- **TASK DIRECTIONS**
Beginning at the top of the data below, restate every line word for word until the line containing "2026年2月11日,Tre" has been included, and omit the pictures.

- **SOURCE MATERIAL**

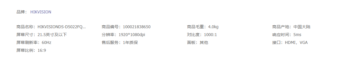 海康威视HIKVISION 22英寸1080P窄边框低功耗显示器D5022FQ-NA多接口全天候监控器台式机电脑显示屏
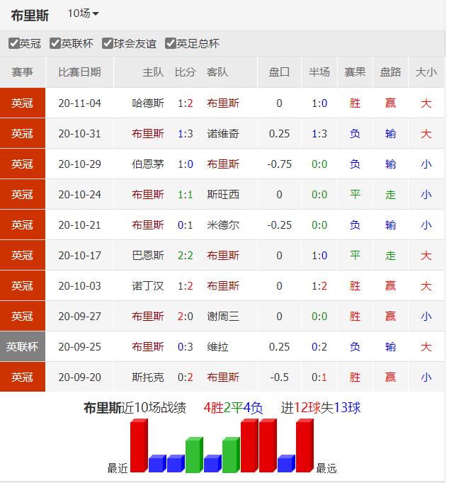 布里斯托尔城在联赛第10轮过后5胜2平3负积17分排名英冠联赛第7位,距离榜首位置仅有5分。本赛季5场客场联赛赢下了3场仅仅输掉了1场,球队目前在客场的发挥出色。客场打进8球的布里斯托尔城是目前英冠联赛客场进球第4多的球队,客场进攻效率属于英冠联赛非常出色的水平。近3场主场比赛1胜2平未尝败绩,并且3场比赛中打进5球进攻效率依旧居高不下。上轮联赛客场2-1击败哈德斯菲尔德,杰伊-达席尔瓦一射一传助球队终结5轮不胜的尴尬近况。近5场客场比赛布里斯托尔城3胜1平1负表现非常出色,目前客场拿分比主场多了3分。
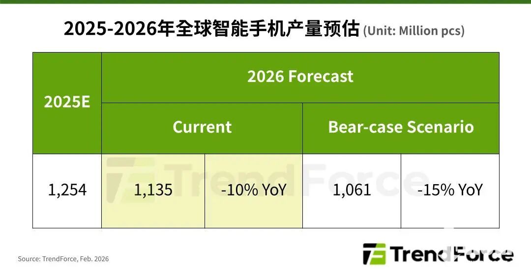 2026年2月11日,TrendForce集邦咨询发布最新研报指出,受存储器价格大幅上涨影响,2026年全球手机产量将迎来显著下滑,常规情境下年衰退幅度达10%,总量预计降至11.35亿支,若市场走入悲观情境,减产幅度甚至会扩大至15%以上。
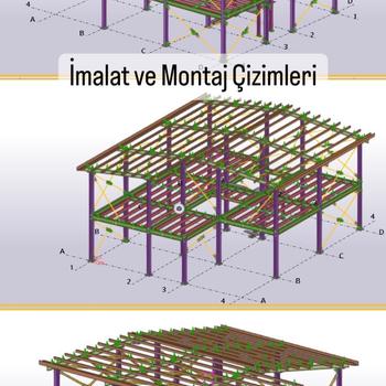 Çelik yapılar statik analizi imalat ve montaj çizimleri Betonarme yapılar statik analizi Ruhsat ve Uygulama projeleri Agır çelik uygulaması imalat ve montaj (villa,sanayi yapıları)

- **RESULT**
 海康威视HIKVISION 22英寸1080P窄边框低功耗显示器D5022FQ-NA多接口全天候监控器台式机电脑显示屏
 布里斯托尔城在联赛第10轮过后5胜2平3负积17分排名英冠联赛第7位,距离榜首位置仅有5分。本赛季5场客场联赛赢下了3场仅仅输掉了1场,球队目前在客场的发挥出色。客场打进8球的布里斯托尔城是目前英冠联赛客场进球第4多的球队,客场进攻效率属于英冠联赛非常出色的水平。近3场主场比赛1胜2平未尝败绩,并且3场比赛中打进5球进攻效率依旧居高不下。上轮联赛客场2-1击败哈德斯菲尔德,杰伊-达席尔瓦一射一传助球队终结5轮不胜的尴尬近况。近5场客场比赛布里斯托尔城3胜1平1负表现非常出色,目前客场拿分比主场多了3分。
 2026年2月11日,TrendForce集邦咨询发布最新研报指出,受存储器价格大幅上涨影响,2026年全球手机产量将迎来显著下滑,常规情境下年衰退幅度达10%,总量预计降至11.35亿支,若市场走入悲观情境,减产幅度甚至会扩大至15%以上。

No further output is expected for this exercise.